- Film poster advertising Kuchibiru ni uta o in Japan
- Directed by: Takahiro Miki
- Written by: Yūichi Toyone Yukiko Mochiji
- Based on: Kuchibiru ni uta o by Eiichi Nakata
- Produced by: Masao Teshima Shūichi Nagasawa Masahiko Mizuguchi Shinichirō Tsuzuki Riichirō Nakamura
- Starring: Yui Aragaki; Fumino Kimura; Kenta Kiritani; Yuri Tsunematsu; Shōta Shimoda;
- Cinematography: Kōichi Nakayama
- Edited by: Junichi Itō
- Music by: Suguru Matsutani
- Production company: Asmik Ace
- Distributed by: Asmik Ace
- Release date: February 28, 2015 (Japan);
- Running time: 132 minutes
- Country: Japan
- Language: Japanese
- Box office: ¥386 million

= Have a Song on Your Lips =

Have a Song on Your Lips (くちびるに歌を, Kuchibiru ni uta o) is a 2015 Japanese film directed by Takahiro Miki and based on a novel of the same title by Eiichi Nakata (a/k/a Otsuichi) published in 2011. The original novel is inspired by a television documentary "Greetings to a 15 year old - Students on the island who walked with songs" (broadcast by NHK in May 2009), which depicts the interaction between Angela Aki (the songwriter of "Letter: Greetings to a 15 Year Old" which was an assigned song for the NHK National School Music Competition in 2008) and junior high school students on Wakamatsu Island in the Goto Islands of Nagasaki Prefecture.

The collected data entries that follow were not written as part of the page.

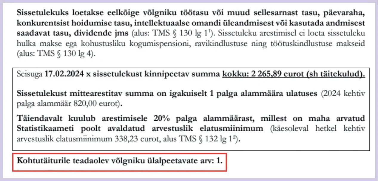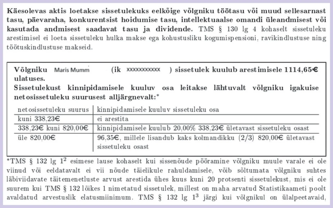Täitemenetluse seadustiku § 132 lg 1 kohaselt ei arestita sissetulekut, kui see ei ületa ühe kuu eest ettenähtud palga alammäära suurust või vastavat osa nädala või päeva sissetulekust. § 132 lg 3 järgi jäetakse töötajale lisaks töötasu alammäärale kätte veel ka üks kolmandik mittearestitavat summat ületavast sissetuleku osast.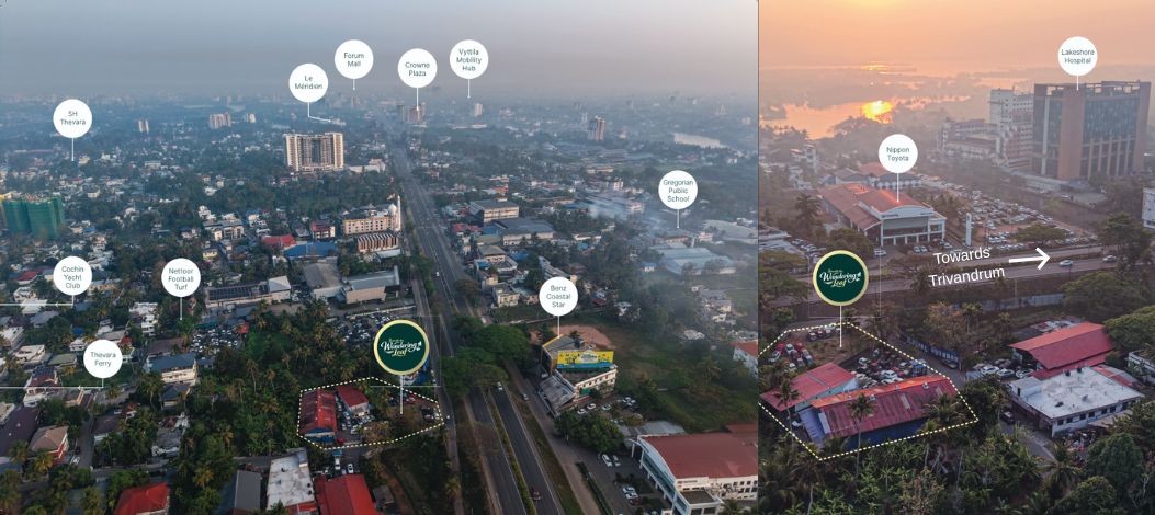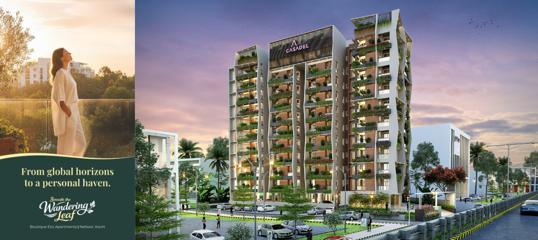 "Beneath the Wandering Leaf" - featuring Eco-conscious lifestyle for people who love travel. A landmark apartment surrounded by greenery and facing NH66 between Forum Mall & Lakeshore Hospital, near the upcoming Nettoor–Angamaly Bypass. It offers spacious 2 & 3 BHK apartments with 40+ premium amenities, within a secure, serene address—one that inspires you to travel, to explore, and to embrace a deeper understanding of the world, before welcoming you back, every time. Spacious layouts with sky garden and balcony for every bedroom.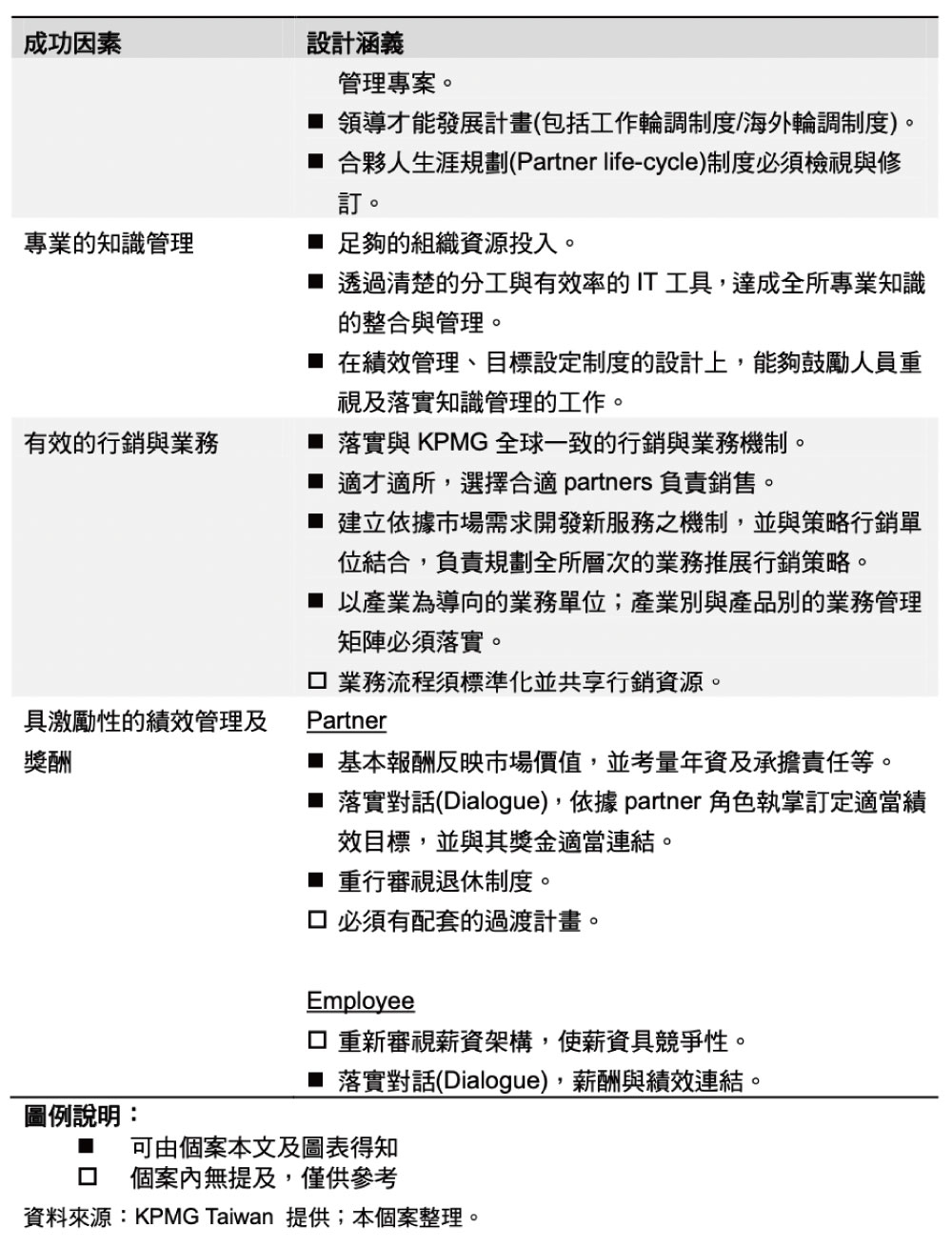 - KPMG Taiwan的合夥人投票權與盈餘分配制度設計,其目的為何?又合夥人之報酬制度該如何設計才能使事務所達到較高的績效?

The novel has been adapted into a novel for children as well as a manga of the same title (by Taishi Mori). The film was released on February 28, 2015.

==Plot==
Yuri Kashiwagi, a beautiful and talented pianist suddenly returns to her hometown in Goto Islands. She relieves her friend Haruko, who is on maternity leave, as the advisor for the school chorus. The choir aims to take part in NCon, a choir contest organised by Japanese public broadcaster NHK. However, her arrival attracts many male members to the choir. This creates friction within the previously all-female choir.

==See also==
- Cäsar Flaischlen: Have Sunshine in Your Heart — Part of the poem "Hab' ein Lied auf den Lippen, verlier nie den Mut, hab' Sonne im Herzen (Have a song on your lips, never lose heart, have sunshine in your heart)" is quoted in the film.